START Data for this task
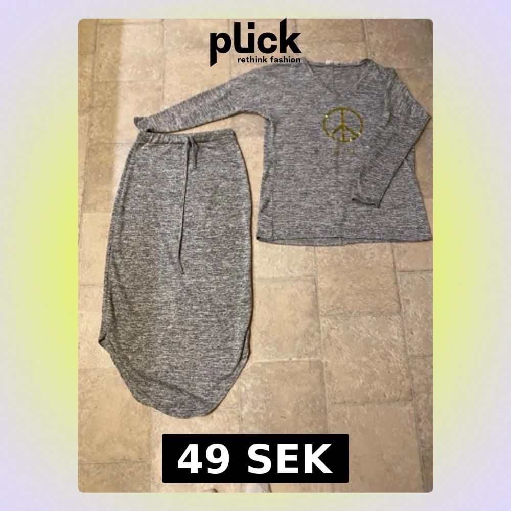 Säljer ett grått mjukis-set från Lo-ika med långärmad tröja och matchande kjol. Tröjan har v-ringning och ett guldigt paljett-peacemärke framtill. Kjolen har snörning i midjan och är rundad nedtill. Perfekt för chill dagar eller när du vill vara bekväm men ändå snygg.
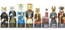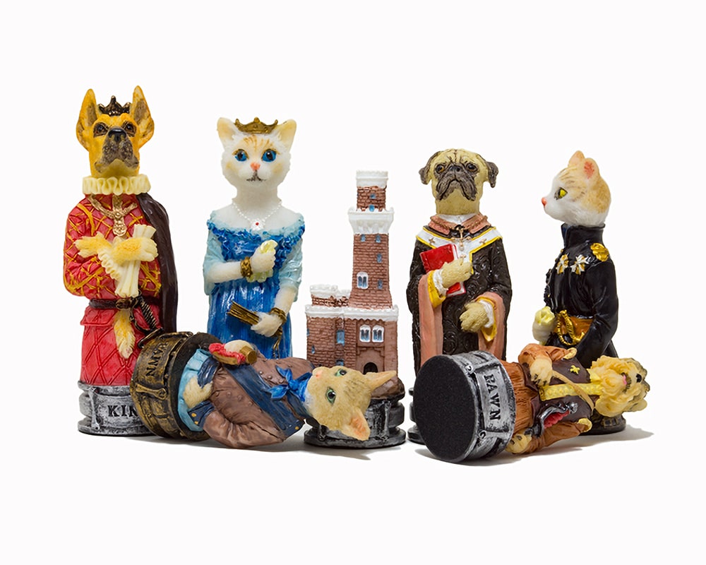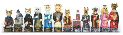 Jeu d’Echecs Chiens et Chats en Résine + Échiquier en Similicuir Bordeaux et Doré
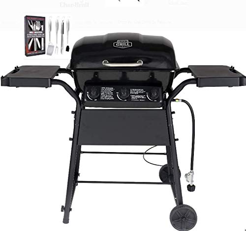 BACKYARD MASTERS Expert Grill 3 Burner 30,000 BTU Gas Grill with Side Shelves, Black with SS Heavy Duty 4 Piece Grill Set
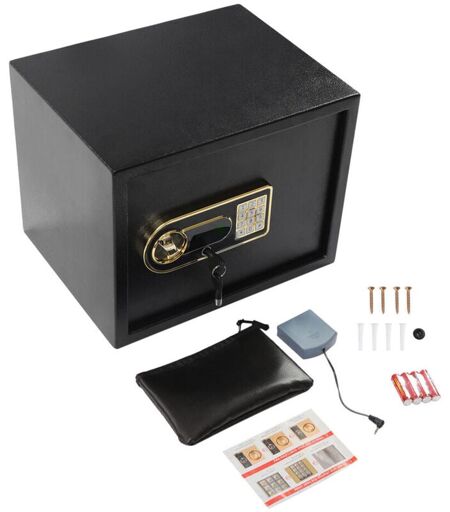 Spécification Matériel : Q235 Carbone Steel Couleur : Noir, or Modes de publication : 2 Capacité : 30L/7.93gallon Poids net : 8kg/17.64lbs Poids brut : 8.6kg/18.96lbs Taille externe : 31*37*30cm/12.2*14.56*11.81inch Dimension de la première couche intérieure : 36*29*13cm/14.17*11.41*5.11inch Dimension de la deuxième couche à l'intérieur : 36*29*15cm/14.17*11.41*5.91inch Taschengröße: 20.5*13.5cm/8.07*5.31inch Taille du paquet : 41.5*35*34.5cm/16.34*13.78*13.58inch Application Ce produit peut être largement utilisé dans les armoires, les études, les tables de nuit, les caisses enregistreuses, les hôtels, les bureaux, les entreprises, etc. pour garder les objets de valeur. Description Voilà un assistant. Composé d'un acier au carbone Q235 exquis, le coffre-fort est durable. La structure épaisse montre une bonne performance de sécurité qui peut mieux protéger vos objets de valeur. En outre, sa grande capacité vous permet de conserver de nombreux objets de valeur. Une multitude de ...
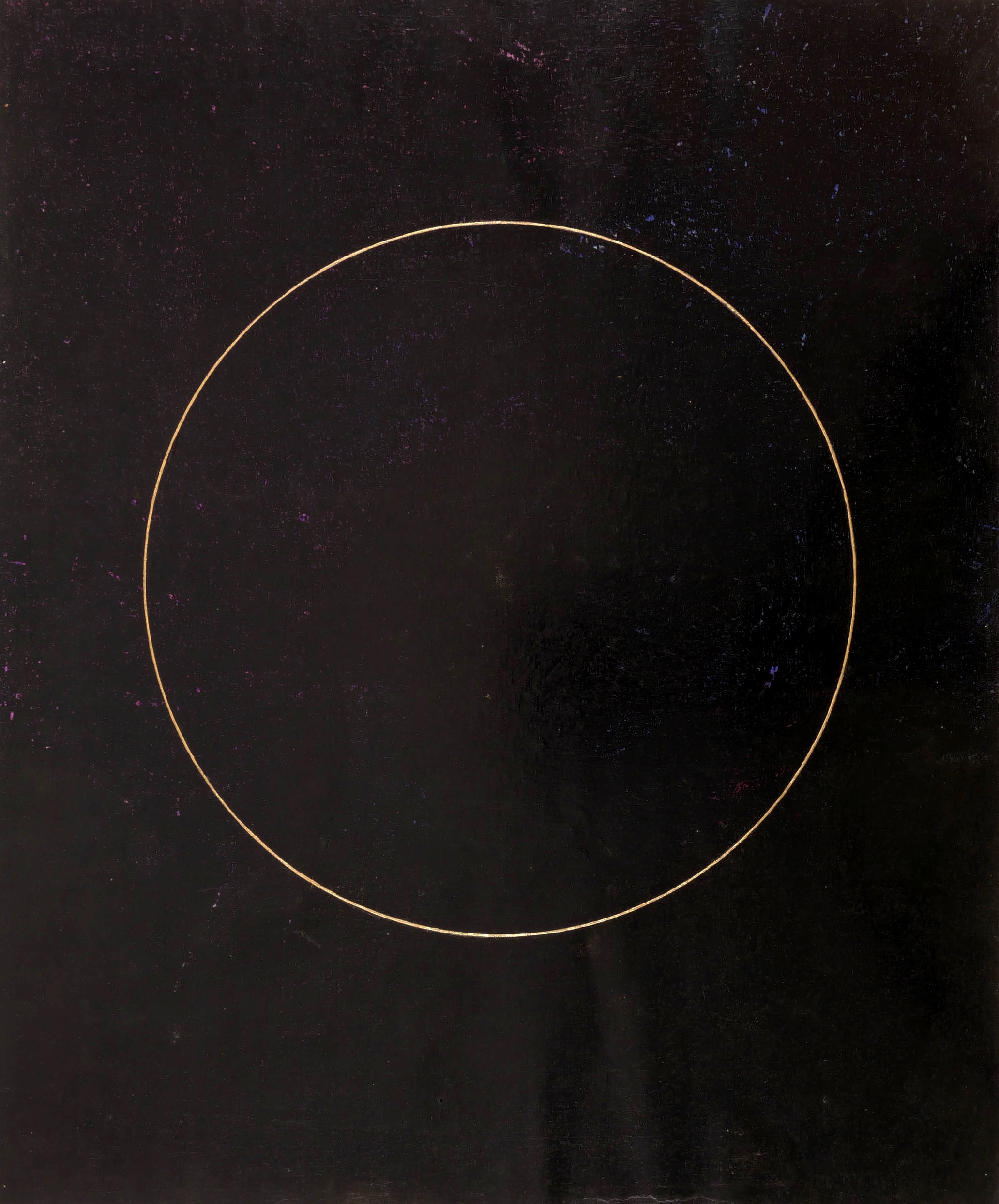 Luther, Manfred. – Cogito ergo sum. – Kreis. – „Alles Vergängliche ist nur ein Gleichnis (Gold auf Schwarzviolett)”.
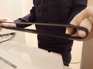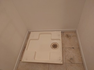 ベルト交換のために、洗濯機を前に出したので、防水洗濯パン、壁面を清掃しました。その後、洗濯機を元の位置に戻し、動作確認を行いました。
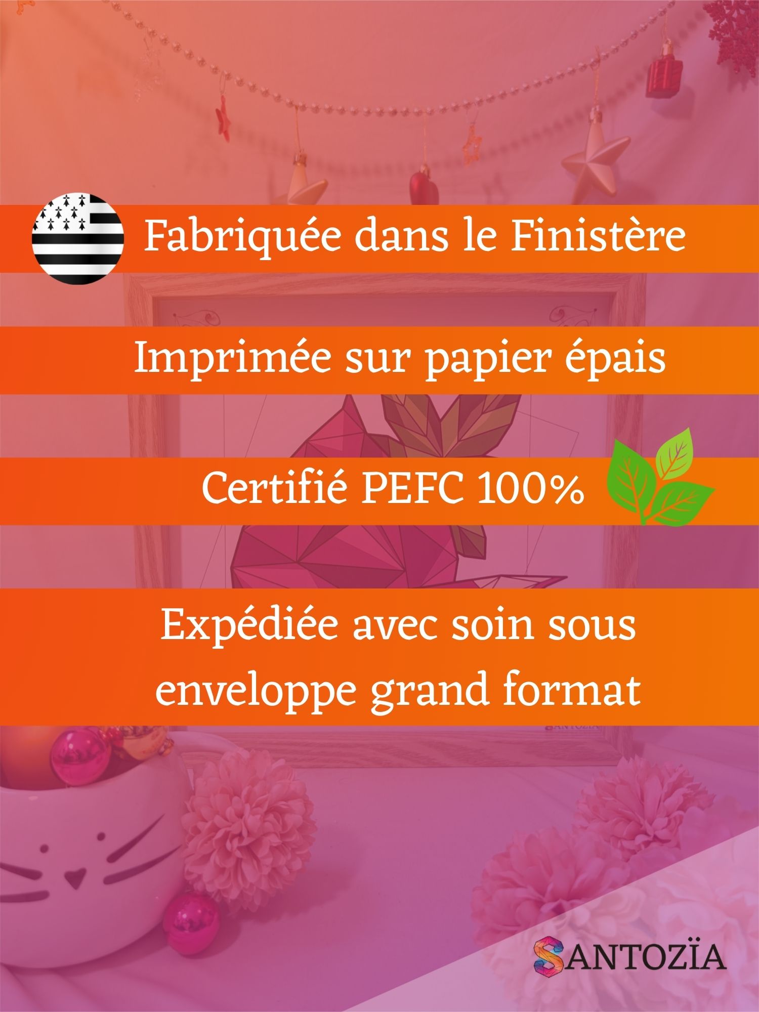 Comme toutes les créations Santozia, cette affiche est imaginée et imprimée en Bretagne sur papier mat 250 g/m² certifié PEFC. Les encres écologiques assurent un rendu durable et respectueux de l’environnement.
END Data for this task
Aim of the exercise = Nothing but the lines from the line containing "Luther, Manfred. –" through the end of the records belongs in the answer, written out exactly, both ends included, without pictures.

Exercise solution =
 Luther, Manfred. – Cogito ergo sum. – Kreis. – „Alles Vergängliche ist nur ein Gleichnis (Gold auf Schwarzviolett)”.
 ベルト交換のために、洗濯機を前に出したので、防水洗濯パン、壁面を清掃しました。その後、洗濯機を元の位置に戻し、動作確認を行いました。
 Comme toutes les créations Santozia, cette affiche est imaginée et imprimée en Bretagne sur papier mat 250 g/m² certifié PEFC. Les encres écologiques assurent un rendu durable et respectueux de l’environnement.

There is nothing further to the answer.